Using rollout() for compiled active inference loops

rollout() runs repeated inference, planning, action sampling, and environment stepping for a fixed horizon. Internally, it uses jax.lax.scan, so direct calls are valid and JAX-friendly.

When to use it

  • The .step() and .reset() methods of your Env can be JIT-compiled. This includes compatibility with pymdp's native PymdpEnv, as well as existing JAX RL environment frameworks (see for example gymnax, jumanji, and navix).
  • You want high-throughput simulations by compiling the full closed-loop interaction once and executing it efficiently across many rollouts.
  • You want a single, consistent API for multi-step active inference rollouts with explicit PRNG key threading.

Required inputs

  • agent: pymdp.agent.Agent
  • env: pymdp.envs.env.Env-compatible object
  • num_timesteps: integer horizon
  • rng_key: JAX PRNG key

Optional inputs

  • initial_carry: override initial rollout carry
  • policy_search: custom policy search function
  • env_params: batched environment parameters

Canonical usage

from jax import random as jr
from pymdp.envs.rollout import rollout

rng_key = jr.PRNGKey(0)
last, info = rollout(agent, env, 20, rng_key)

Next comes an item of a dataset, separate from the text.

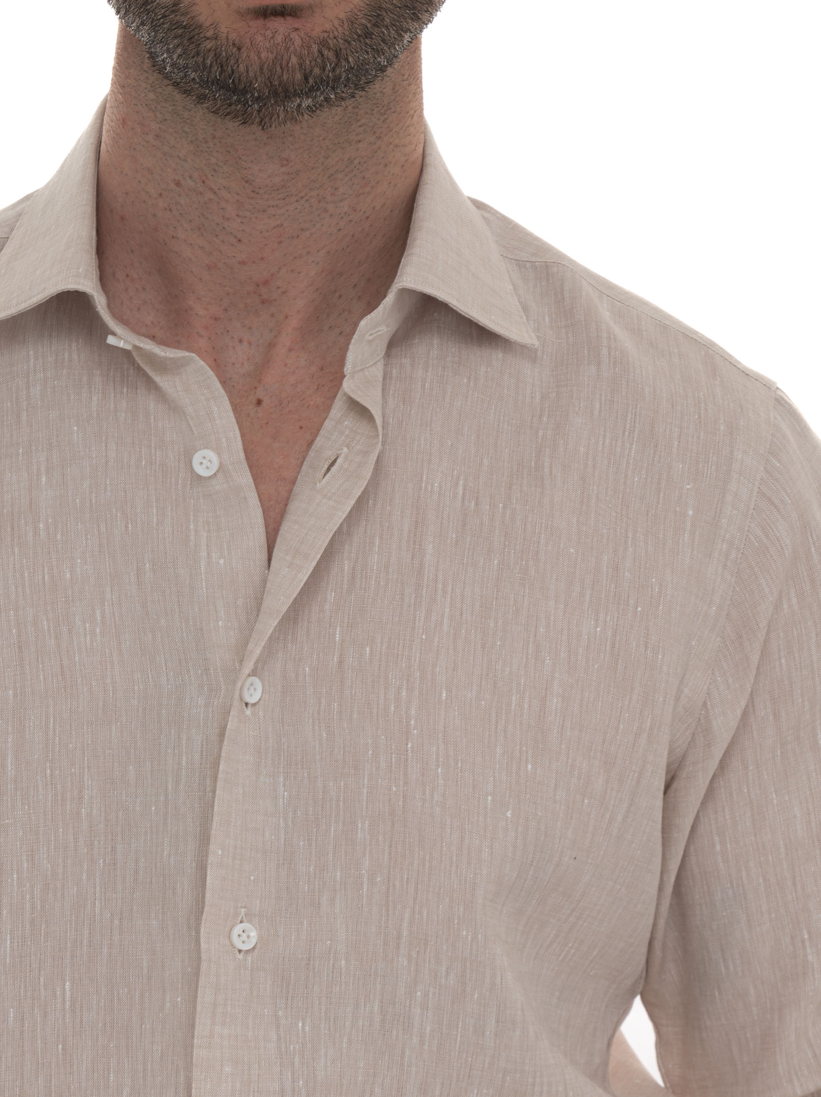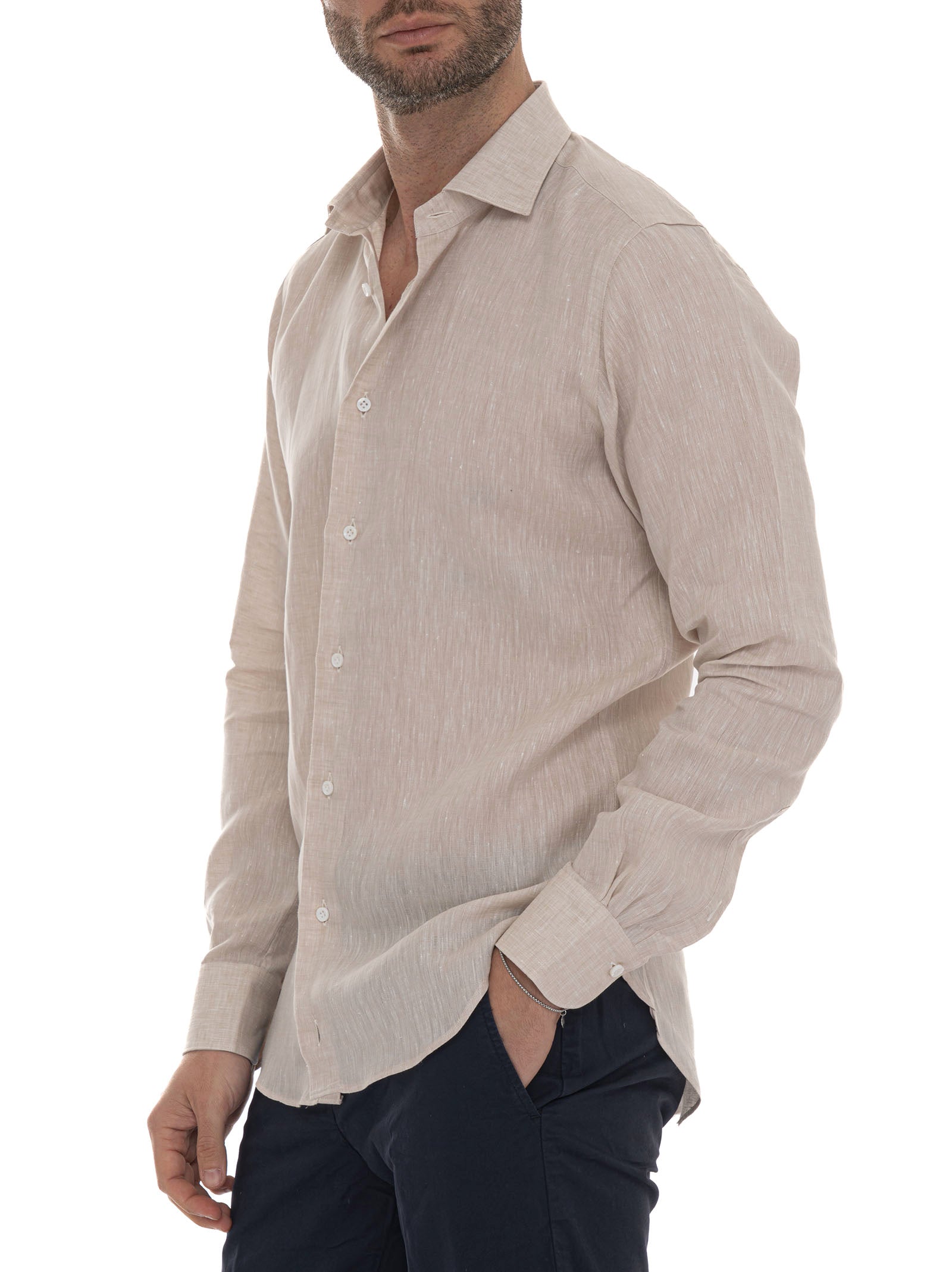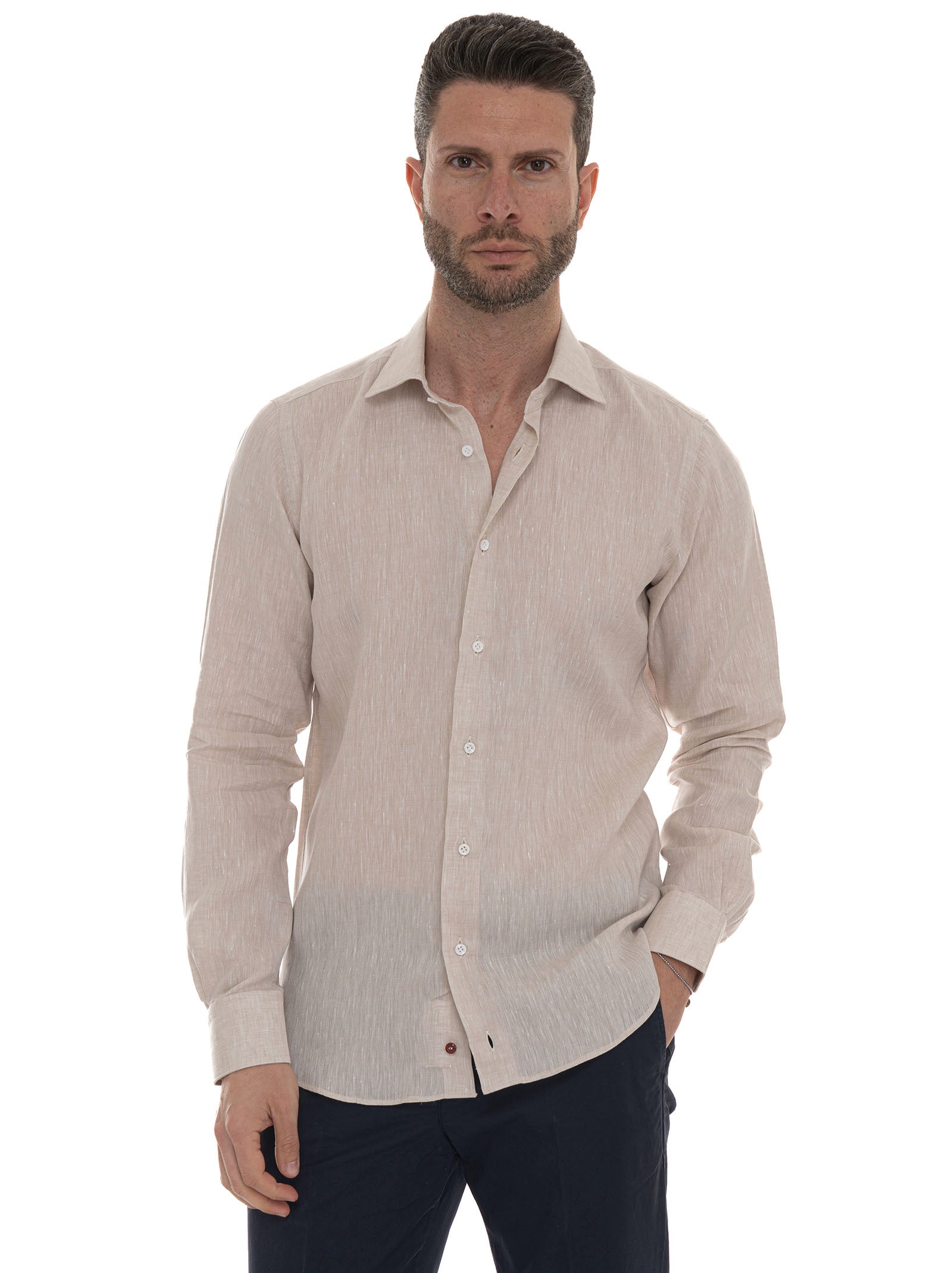 Camicia classica da uomo, collo classico italiano, tessuto di lino, pochette in abbinato, schiena con due pinces, composizione: 100% lino, linea: CARREL.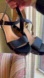 Chic navy leather straps with a stylish tan woven wedge platform and studded trim. Perfect blend of elegance and comfort. Excellent condition, only used once.

For repeated calls with fixed env and num_timesteps, we recommend wrapping rollout with jit so XLA can cache the compiled program:

from jax import jit
from jax import random as jr
from pymdp.envs.rollout import rollout

rng_key = jr.PRNGKey(0)
rollout_jit = jit(rollout, static_argnums=[1, 2])  # env and num_timesteps are static

last, info = rollout_jit(
    agent,
    env,
    20,
    rng_key,
)

Reproducible key flow

rollout() internally splits keys per step and per batch. For deterministic re-runs:

  1. pass in the same rng_key seed,
  2. keep environment params/initial carry identical,
  3. avoid hidden non-JAX randomness inside your environment's .step() or .reset() methods.

Batched runs and carry

  • agent.batch_size controls parallel batch dimension.
  • initial_carry can override auto-initialized state (for warm-starting).

Relationship to manual loops

rollout() repeatedly applies the one-step helper infer_and_plan internally using jax.lax.scan.

Use manual loops when:

  • your environment's .step() and .reset() methods cannot be JITTed.
  • you need custom per-step side effects that don't respect the active inference logic of infer_and_plan.

For JAX-based environments, we recommend using rollout(), as it's usually simpler and less error-prone.

Debugging checklist

  1. Shape mismatch: check observation/action histories and factor dimensions.
  2. Stochastic sampling errors: ensure valid RNG keys are threaded.
  3. Sequence methods (mmp, vmp): ensure past_actions and valid windows are correct.
  4. Learning updates: verify learn_A/learn_B flags and action alignment.